Maurice M. Ohayon, M.D., D.Sc., Ph.D., Stanford University School of Medicine, Palo Alto, Calif., conducted telephone interviews with 3,243 individuals in California, including 982 women ages 35 to 65 years, between June 2003 and April 2004. Of the women, 562 (57.2 percent) were premenopausal; 219 (22.3 percent) were perimenopausal, meaning that they had irregular menstrual cycles with at least one period in the previous year; and 201 (20.5 percent) were postmenopausal, or had reported no menstrual bleeding in the previous year. Hot flashes were defined as mild if they usually did not involve sweating, moderate if they mostly involved sweating but did not require a woman to stop the activity she was pursuing and severe if they typically involved sweating and did require a woman to stop an activity.

About 33 percent of the women reported having hot flashes, including 12.5 percent of the premenopausal women, 79 percent of perimenopausal women and 39.3 percent of postmenopausal women. Of those who had hot flashes, about half reported that they were typically mild, while about one-third had moderate and about 15 percent had severe hot flashes. More than 81 percent of women with regular severe hot flashes had symptoms of chronic insomnia. These women reported difficulty falling asleep, non-restful sleep and overall dissatisfaction with their sleep patterns on a regular basis (at least three nights a week for at least the past six months). Women with mild hot flashes did not report these problems any more frequently than did women with no hot flashes. Women were also more likely to have problems staying asleep as their hot flashes became more severe.

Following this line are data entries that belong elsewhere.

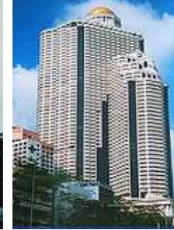
ROYAL CHAROENKRUNG - M.E. -
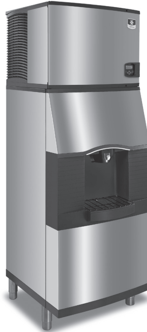
Indigo Series 450 Ice Machine SFA-291 Ice & Water Dispenser
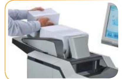
High-Capacity Envelope Feeder
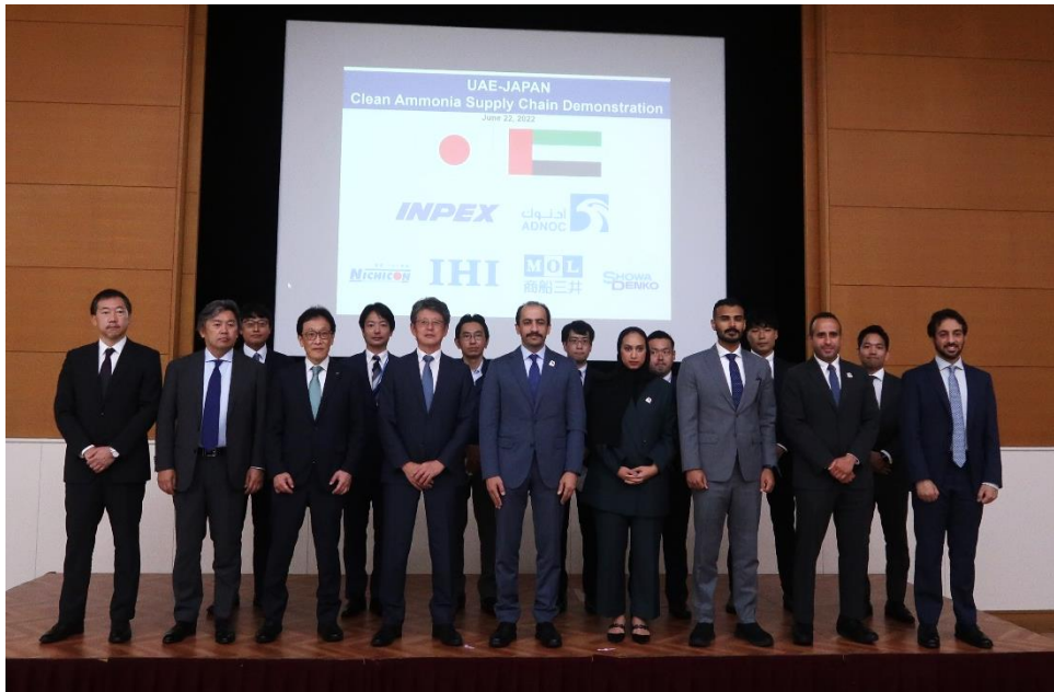
Ceremony for clean ammonia supply chain demonstration at IHI
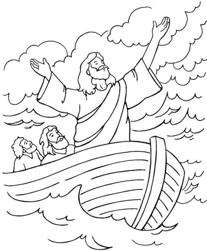
Jesus Calms the Storm

From Thru-the-Bible Coloring Pages for Ages 4-8. © Standard Publishing. Used by permission. Reproducible Coloring Books may be purchased from Standard Publishing, www.standardpub.com, 1-800-543-1301.

The researchers also examined how insomnia related to women’s menopausal status and found that women in perimenopause were more likely to have difficulty falling asleep, non-restful sleep and overall dissatisfaction with sleep. One-third of perimenopausal and postmenopausal women reported that they believed insomnia was related to the development of menopause.

“This study provides evidence that severe hot flashes are associated with chronic insomnia in women aged 35 to 65 years,” the authors write. “The dramatic increase in insomnia in women with severe hot flashes indicates that severity of hot flashes should be routinely assessed in all studies of menopause.